5 Dec 2010

Can Hollywood by suing save Bollyood?

There are no branches of law which we do not deal on the platform of this blog. From the most traditional ones to the latest developments, all of them are discussed on this platform. This recent paper on SSRN seems to be of the most peculiar ones in as much as it advocates suing of an industry (which does not have a legal identity) by another industry, both indisputably in the same field, and the suit is for the benefit of the former i.e. the defendant. In the paper titled "How Hollywood Can Sue Bollywood for Copyright Infringement and Save Indian Cinema", published in the European Intellectual Property Review, Arpan Banerjee recommends Hollywood suing Bollywood such that Bollywood is benefited.  
 
The abstract of the paper speaks the underlying idea when it states as under;
Bollywood directors have forever aped Hollywood storylines.
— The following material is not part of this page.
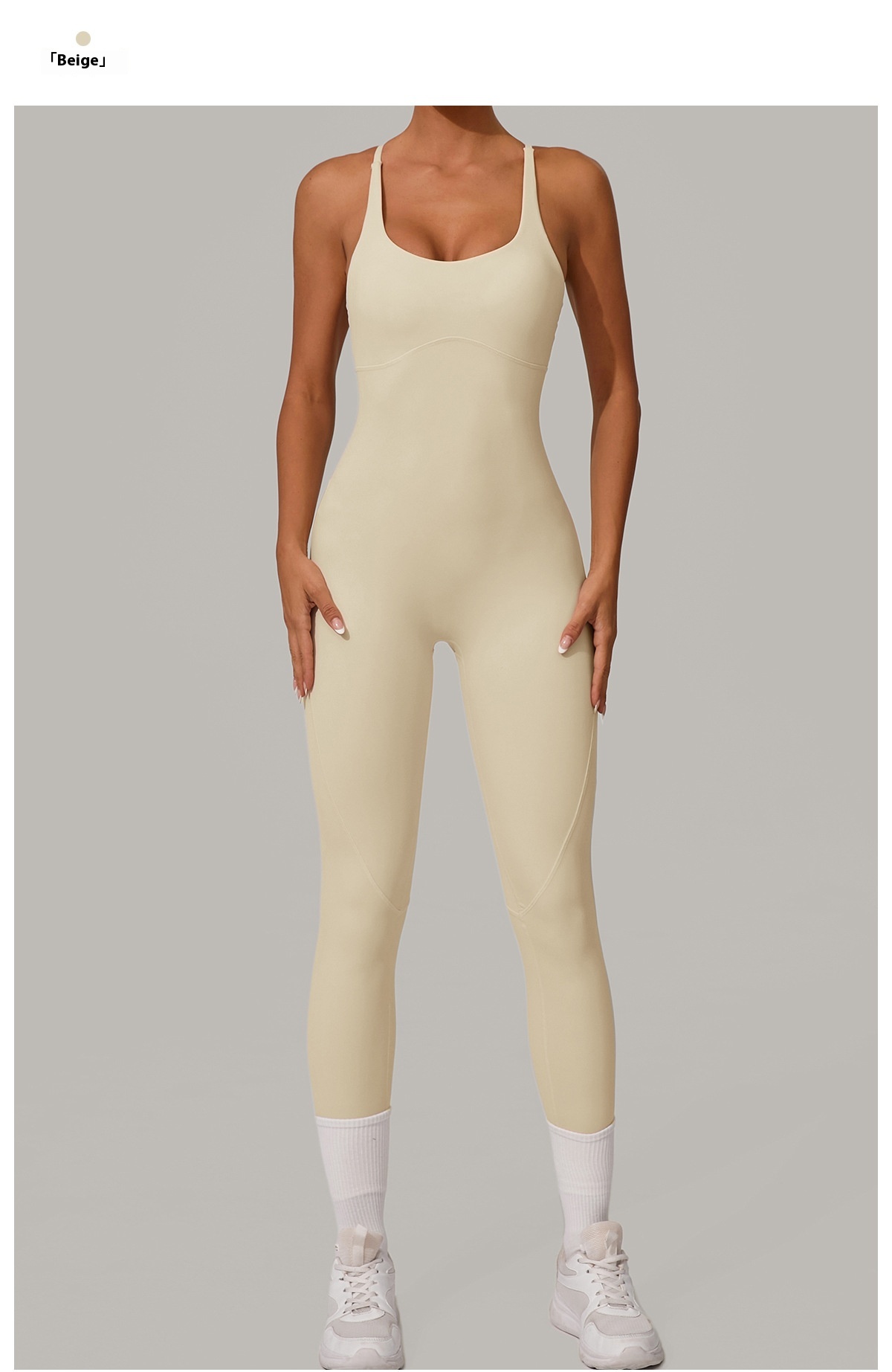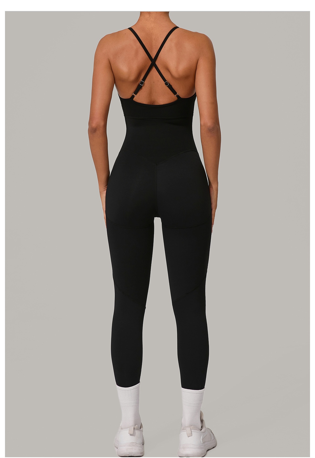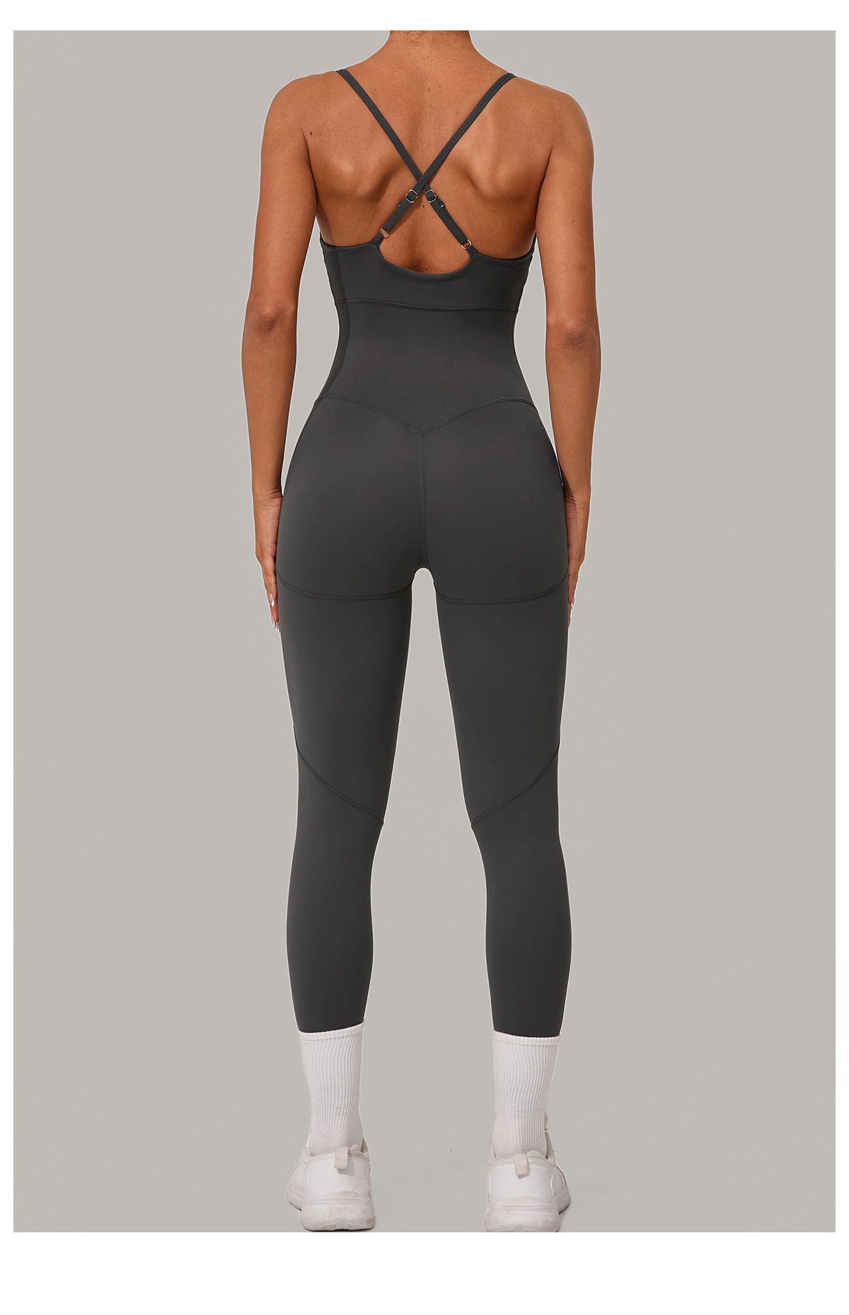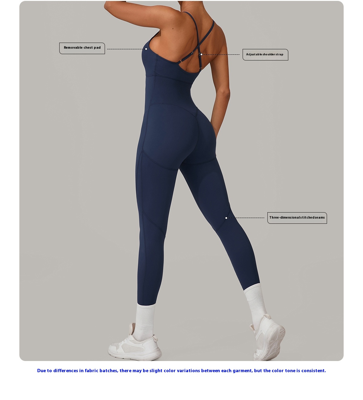 Lightweight women’s summer jumpsuit with cross back design and solid color for casual wear and comfort.

Western studios have belatedly woken up to this trend and started threatening Bollywood directors with copyright infringement lawsuits. This article refers to English and Indian law and examines the ways in which filmmakers who copy storylines can be sued for copyright infringement. The author argues that copyright lawsuits against Bollywood could indirectly benefit the gifted yet neglected Indian directors outside the Bollywood genre.
The underlying theme of the paper is that it "favours copyright lawsuits against Bollywood filmmakers by prospective foreign litigants" on account of fact of "its blatant copying of Hollywood storylines".  And as the author puts it, it is for the welfare of both the Bollywood and those related with Indian cinema in as much as it is expected that "such lawsuits could indirectly give a fillip to non-Bollywood Indian directors who create outstanding, innovative works but remain unheralded because of their lack of financial clout".

Most part of the paper deals with two key issues, as far as copyright law is invoked to examine the viability of such legal action against Bollywood, i.e. "(i) the copying of incidents and themes described in a novel or screenplay by a screenwriter, and (ii) the copying of the visual sequences of a motion picture by re-shooting". Among other things, relying upon a Report of the Indian Cinematograph Committee submitted in 1928, the author reflects upon the state of Indian cinema as under;
In British India, the government-appointed Indian Cinematograph Committee (“ICC”) presciently discerned an aesthetic divergence in Indian cinema. The ICC felt that “Bombay productions” were not “faithful to Indian life.” These productions indulged in “crude imitation” and showed “a tendency not only to borrow plots and incidents” from Western novels, but “also to imitate the Western films both in action and treatment.” However, the ICC found Bengali movies to contain “a more intellectual appeal.” The storylines of Bengali movies were derived not from Western movies or novels but from the “peculiarly rich” literature of Bengal.
Noting a number of reported instances (judicial decisions) wherein copyright violation allegations have been examined, the author guides the Indian script-writer by stating that "for the Bollywood screenwriter who writes a screenplay based on a Hollywood screenplay, the upshot of all these judicial observations is this: altered copying can be alleged if identical incidents and characters are adopted and if the differences between the two screenplays are minor. However, the more commonplace or abstract the themes borrowed, the less likely it would be to constitute copyright infringement."
While the paper only explores the possibility of the outcome in case the title of the paper actually takes place, it nonetheless reflects upon an out-of-box thinking of how law can help change mindsets of people. An interesting paper, indeed !!!